Recorded information ::
■ ■ ■

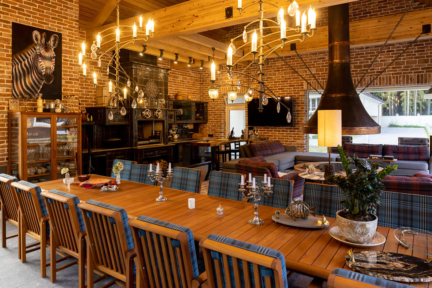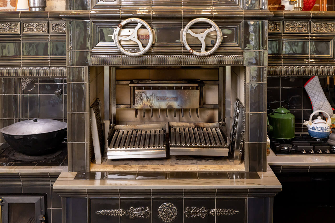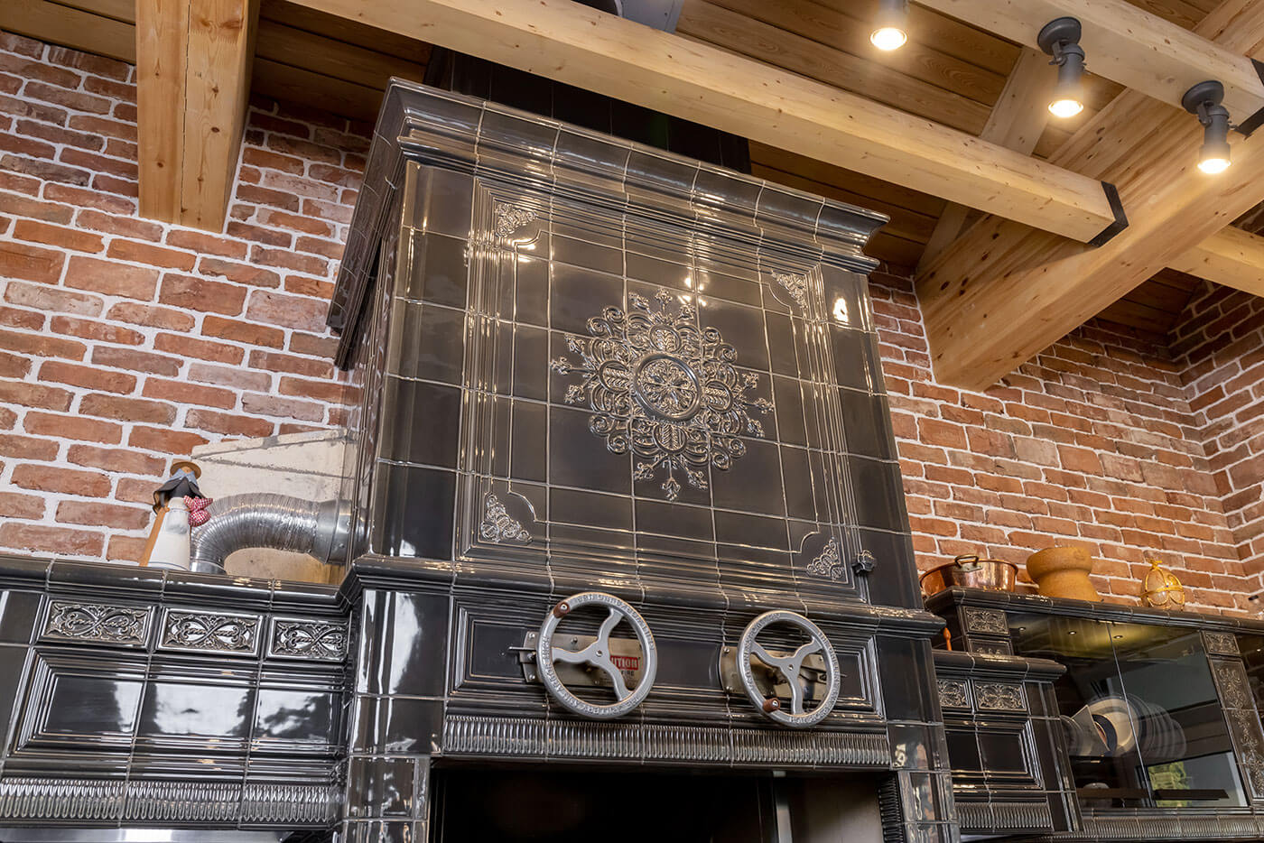 В кухне применен ряд технических решений по организации дымоотведения. На каждом дымовом канале мы поставили шиберные задвижки, чтобы блокировать поступление холодного воздуха в зимний период. Кроме того, установлены вытяжные зонты над варочными поверхностями с канальными жаропрочными вентиляторами.
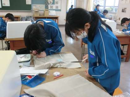裁縫の学習で「エコバッグ」の製作に取り組んでいました。回を重ねるごとに上達してきたミシンの操作。それぞれが一人で活動を進めていけるようになってきました。
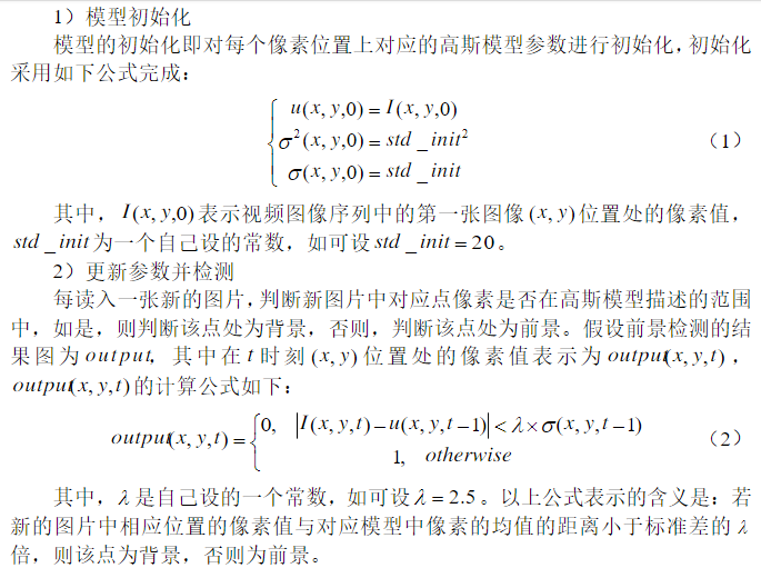 归纳一下其中的流程,首先初始化预先定义的几个高斯模型,对高斯模型中的参数进行初始化,并求出之后将要用到的参数。其次,对于每一帧中的每一个像素进行处理,看其是否匹配某个模型,若匹配,则将其归入该模型中,并根据新的像素值对该模型参数进行更新,若不匹配,则以该像素建立一个高斯模型,初始化参数。最后选择前面几个最有可能的模型作为背景模型,为背景目标提取做铺垫。

■ ■ ■

What the exercise asks ::
Could you restate the material word for word, skipping any pictures it holds?

Result of the task ::
 В кухне применен ряд технических решений по организации дымоотведения. На каждом дымовом канале мы поставили шиберные задвижки, чтобы блокировать поступление холодного воздуха в зимний период. Кроме того, установлены вытяжные зонты над варочными поверхностями с канальными жаропрочными вентиляторами.
裁縫の学習で「エコバッグ」の製作に取り組んでいました。回を重ねるごとに上達してきたミシンの操作。それぞれが一人で活動を進めていけるようになってきました。
 归纳一下其中的流程,首先初始化预先定义的几个高斯模型,对高斯模型中的参数进行初始化,并求出之后将要用到的参数。其次,对于每一帧中的每一个像素进行处理,看其是否匹配某个模型,若匹配,则将其归入该模型中,并根据新的像素值对该模型参数进行更新,若不匹配,则以该像素建立一个高斯模型,初始化参数。最后选择前面几个最有可能的模型作为背景模型,为背景目标提取做铺垫。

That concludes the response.